Giovani allievi di Riccardo Muti per la Messa da Requiem di Verdi

Prende forma pian piano, la Messa da Requiem di Giuseppe Verdi, sotto le mani sapienti del maestro e sotto quelle trepidanti, bramose e attente dei suoi giovani allievi: dieci giorni di lavoro intenso per approfondire la partitura, illuminarne ogni singolo dettaglio, individuare le ragioni di ogni scelta compositiva, decifrarne il colore, il senso, il “perché”. È l’Accademia dell’opera italiana, che Riccardo Muti in questi giorni ha riportato a Ravenna, al teatro Alighieri – dopo l’edizione milanese dello scorso anno – e che dalla lezione introduttiva del 2 dicembre ha richiamato a teatro come spettatori non solo esperti musicisti, partitura e matita alla mano, ma anche giovani studenti del territorio e soprattutto tanti appassionati curiosi di addentrarsi nel “dietro le quinte” dell’interpretazione musicale, di ascoltare parole che “spieghino” la musica, di avvicinarsi al suo mistero.
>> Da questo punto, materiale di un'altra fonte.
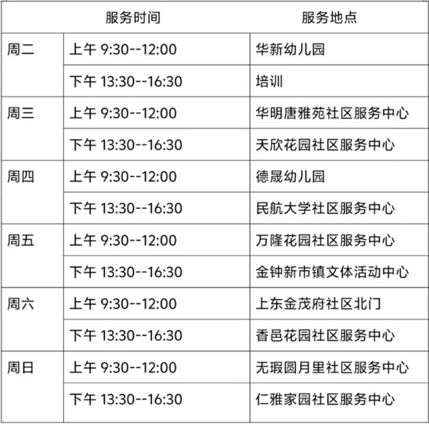 3月4日—3月9日东丽区图书馆流动服务车服务时间地点公布如下。社区、单位需要服务车上门服务请与杜俊老师联系,联系电话:18522291388。

In primo piano, naturalmente, i giovani direttori d’orchestra selezionati, espressione dell’interesse planetario suscitato dall’occasione formativa offerta da Muti – del resto chi altri può tradurre meglio in suono il segno scritto da Verdi, con quella fedeltà e quel sapere che gli viene a sua volta da maestri che a lui lo legano in linea diretta, attraverso Votto fino a Toscanini? È per questo che gli allievi arrivano da tutto il mondo, portando con sé il segno di scuole ed esperienze e temperamenti diversi: dal gesto “cantabile” della appena ventunenne Polina Lebedieva, ucraina, che ha lasciato il proprio paese alla volta di Parigi solo pochi mesi fa e che in Italia ha già collaborato con Oksana Lyniv, a Bologna; a quello più vigoroso dell’italo-russo Sieva Borzak, 25 anni, formazione tutta italiana, ed esperienze nel versante barocco come in quello contemporaneo. E ancora, dagli orizzonti già di grande prestigio del viennese Andreas Ottensamer, solista di rango internazionale e primo clarinetto nientemeno che dei Berliner Philharmoniker, attratto però, da un paio di stagioni, dalla direzione d’orchestra; a quelli del suo coetaneo, il trentatreenne coreano-americano Nicholas Koo dalla carriera già avviata negli States, o a quelli di chi come la ventiseienne cinese Kerou Liu, dopo gli studi tra Shangai e Amburgo, si affaccia ora alle più impegnative prove dal podio.

A eccezione di Ottensamer, saranno loro ad avvicendarsi nel concerto di questa sera (alle 20.30): approdo del lavoro condotto giorno dopo giorno, pagina dopo pagina. Prima con il contributo fondamentale degli altri allievi, i maestri collaboratori, «figure insostituibili nella preparazione della compagnia di canto», come sempre sottolinea Muti. Poi insieme all’Orchestra Giovanile Cherubini, isolando le singole sezioni, sviscerando il carattere di ogni passaggio – dalle questioni “tecniche” a quelle “culturali” che il maestro sottolinea eloquente, muovendosi dal proprio leggio fin dentro l’orchestra, in un misto di inglese e italiano, gestualità e mimica, con quel fare comunicativo e “teatrale” che insieme al sapere emana passione – il segreto del vero maestro.

Infine, con le masse corali del Coro Cremona Antiqua e del Luigi Cherubini, preparate da Antonio Greco. Fondamentali, naturalmente, le voci soliste: Juliana Grigoryan e Verónica Tello, che si sono avvicendate nel ruolo di soprano, Isabel De Paoli (mezzosoprano), Klodian Kaçani (tenore) e Riccardo Zanellato (basso). Un concerto che è ben più di un “saggio”, quasi un manifesto della battaglia tenace e instancabile di Riccardo Muti a difesa dell’amato Verdi: «Non ho la verità in tasca, lo dico da una vita, ma semplicemente leggo quello che Egli ha scritto con tanta precisione, anche in questa sua pagina sacra, in questo Requiem che non consola l’uomo di fronte alla morte, ma nel dolore continua a interrogarne il mistero».

Battaglia che continuerà sempre all’Alighieri e sempre con il Requiem verdiano, tra due giorni (giovedì 15 dicembre), quando sul podio salirà lo stesso Muti.